Tail latency. Cubic cost makes large graphs the p99 drivers. Either cap V per request, route large graphs to a separate "heavy" pool, or precompute and cache.
Worked back-of-envelope. A service receiving 2,000 req/s of graphs with V ≤ 300 (mod-p, ~2.7·10⁷ ops each) needs ~5.4·10¹⁰ ops/s; at ~10⁹ effective modular ops/s/core that is ~54 cores fully utilized — so a 64-core node with a graph-hash cache (even 40% hits) comfortably serves the load with headroom for the occasional heavy graph routed to a side pool.

11. Summary¶

At senior scale, Kirchhoff's Theorem is a fixed O(V³) determinant kernel wrapped in engineering judgment. The Laplacian build and reduction are cheap and uniform; the decisions live in arithmetic — float for ratios and effective resistance, single mod-p for exact-mod answers, big-int Bareiss for moderate exact counts, and multi-prime CRT (embarrassingly parallel) for the astronomically large true integers that complete and dense graphs produce almost immediately. Stability demands partial pivoting or Cholesky on the SPD reduced Laplacian for the float path, and bounded products (p < 2³¹) for the modular path. Observability centers on detecting silent wrong answers — precision loss, bad-prime cancellation, and misread 0s — because the failure mode that hurts is not a crash but a plausible-looking incorrect count. Reach for closed-form spectra (n^(n−2), known eigenvalues) before the cubic kernel, route reliability/resistance work to iterative sparse solvers when V is huge, and keep the brute-force counter as your eternal regression oracle.

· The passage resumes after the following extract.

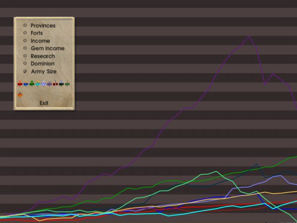 Always good to hear from a loyal reader  The game is going pretty well, so long as you're not Mictlan or Atlantis right about now... For your viewing pleasure, I'm attaching some of the more relevant score graphs (provinces, gem income, research, and army size). I suspect that with all the wars breaking out now these rankings are going to fluctuate wildly, so stay tuned.

11.1 The one-paragraph senior takeaway¶

If you remember nothing else: the Matrix-Tree theorem is an O(V³) determinant whose correctness in production is an arithmetic decision, not an algorithmic one. Pick float only for bounded ratios, modular for exact-mod answers, and parallel multi-prime CRT for the astronomically large true integers that real graphs produce almost immediately — and always cross-check against a second prime, because the failure that ships is the answer that looks right and isn't.

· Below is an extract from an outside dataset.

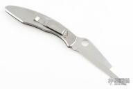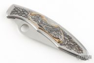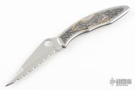 This Police knife by Spyderco features satin finished blade with a thumbhole and fully serrated edge. The handle is stainless steel with an engraved silver and bronze overlay by Gary Blanchard of a "Flying Eagle". Has a tip down stainless steel clip. Comes with a zippered case. Has a couple very light scratches, otherwise excellent condition.  #0143

11.2 Checklist before shipping a counting service¶

Precision contract on every response (approx / mod p / exact) with the prime stated.
Float path gated behind "ratio only"; never selectable for an exact route.
Second-prime cross-check sampled and alerting on mismatch.
Graph-hash cache for deterministic (mod-p / exact) results only.
CRT worker pool bounded; prime count derived from a Hadamard bit-length bound.
0 documented and returned as "disconnected," not surfaced as an error.
Brute-force oracle wired into CI on graphs with V ≤ 7 plus the K_n = n^(n−2) identity.

Tick all seven and the cubic kernel is production-ready; miss the cross-check and you will eventually ship a confidently wrong number.